2026-06-03 · flo2 blog

OpenRouter Chat Completions API: Endpoint, Setup & Example

The OpenRouter Chat Completions endpoint is the main surface you'll use to send inference requests through OpenRouter. It speaks the same wire format as OpenAI's Chat Completions API, which means you can reach it with the official OpenAI SDK, curl, or any HTTP client by swapping in a single base URL. This guide covers the exact endpoint shape, authentication, the model field that selects a provider, streaming, and how any OpenAI-compatible API gateway — including flo2 — gives you one stable integration point regardless of which model is running behind it.
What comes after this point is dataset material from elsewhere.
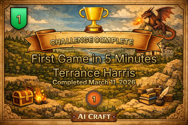 Terrance Harris's First Game in 5 Minutes completion badge - Level 1
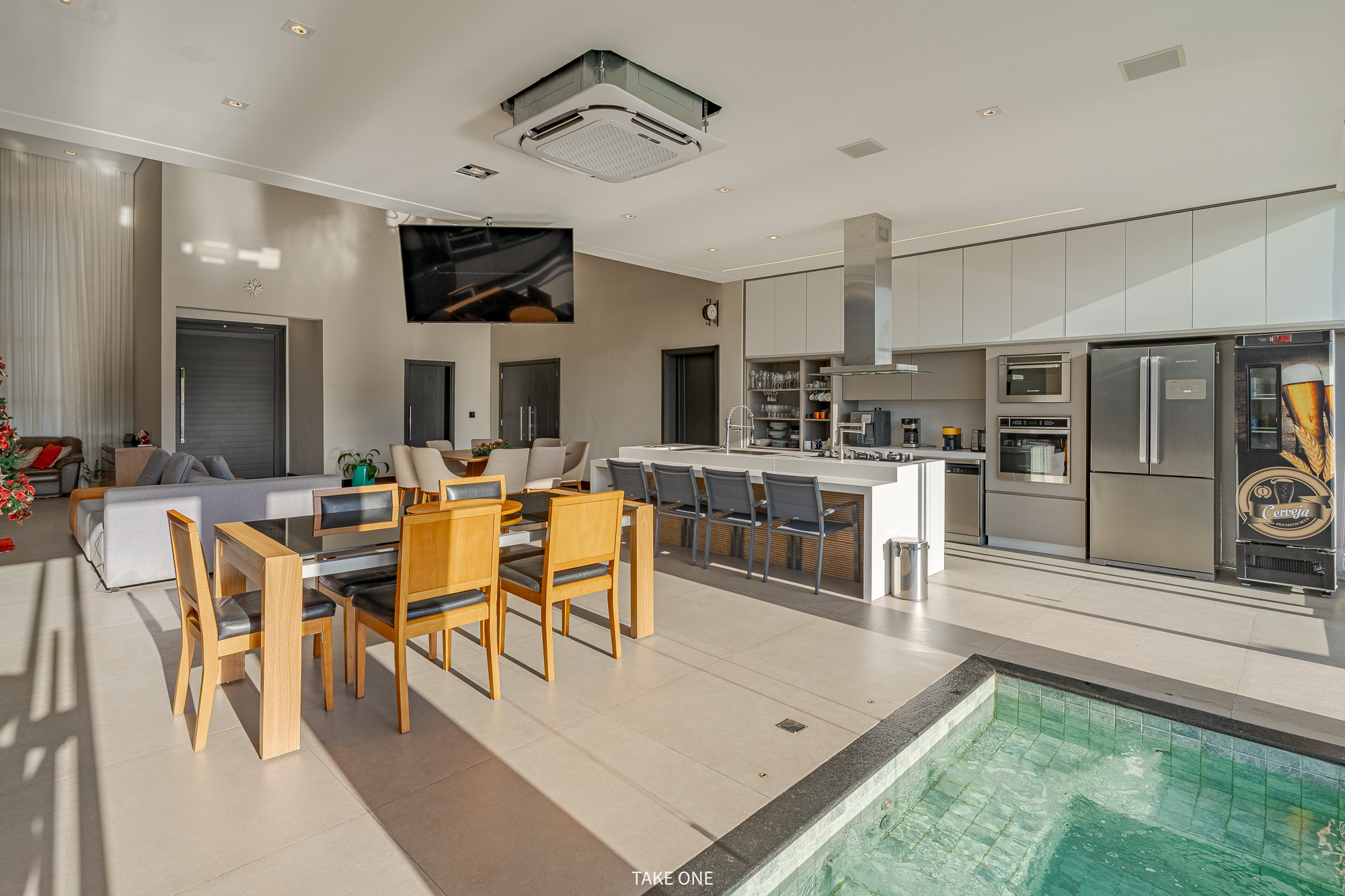 Totalmente automatizada, a residência oferece controle inteligente de iluminação, som ambiente e demais sistemas, além de contar com aspirador central com entradas embutidas na parede, trazendo praticidade e organização ao cotidiano. O imóvel também possui poço artesiano, um diferencial que reforça autonomia e sustentabilidade.

The OpenRouter Chat Completions endpoint

OpenRouter exposes its Chat Completions surface at:

POST https://openrouter.ai/api/v1/chat/completions

That means the OpenRouter /v1/chat/completions path lives under the base URL https://openrouter.ai/api/v1. Set that as your base_url and you're done — every tool, library, or SDK that knows how to talk to OpenAI will work without further changes.

Authentication follows the standard bearer-token pattern. Every request must carry your OpenRouter API key in the Authorization header:

Authorization: Bearer sk-or-your-key-here

Two additional headers are recommended (and sometimes required) by OpenRouter to help with usage attribution and abuse prevention:

HTTP-Referer: https://yourapp.com
X-Title: Your App Name

These headers are optional for basic usage but worth including from the start so your traffic is correctly identified in dashboards and rate-limit policies.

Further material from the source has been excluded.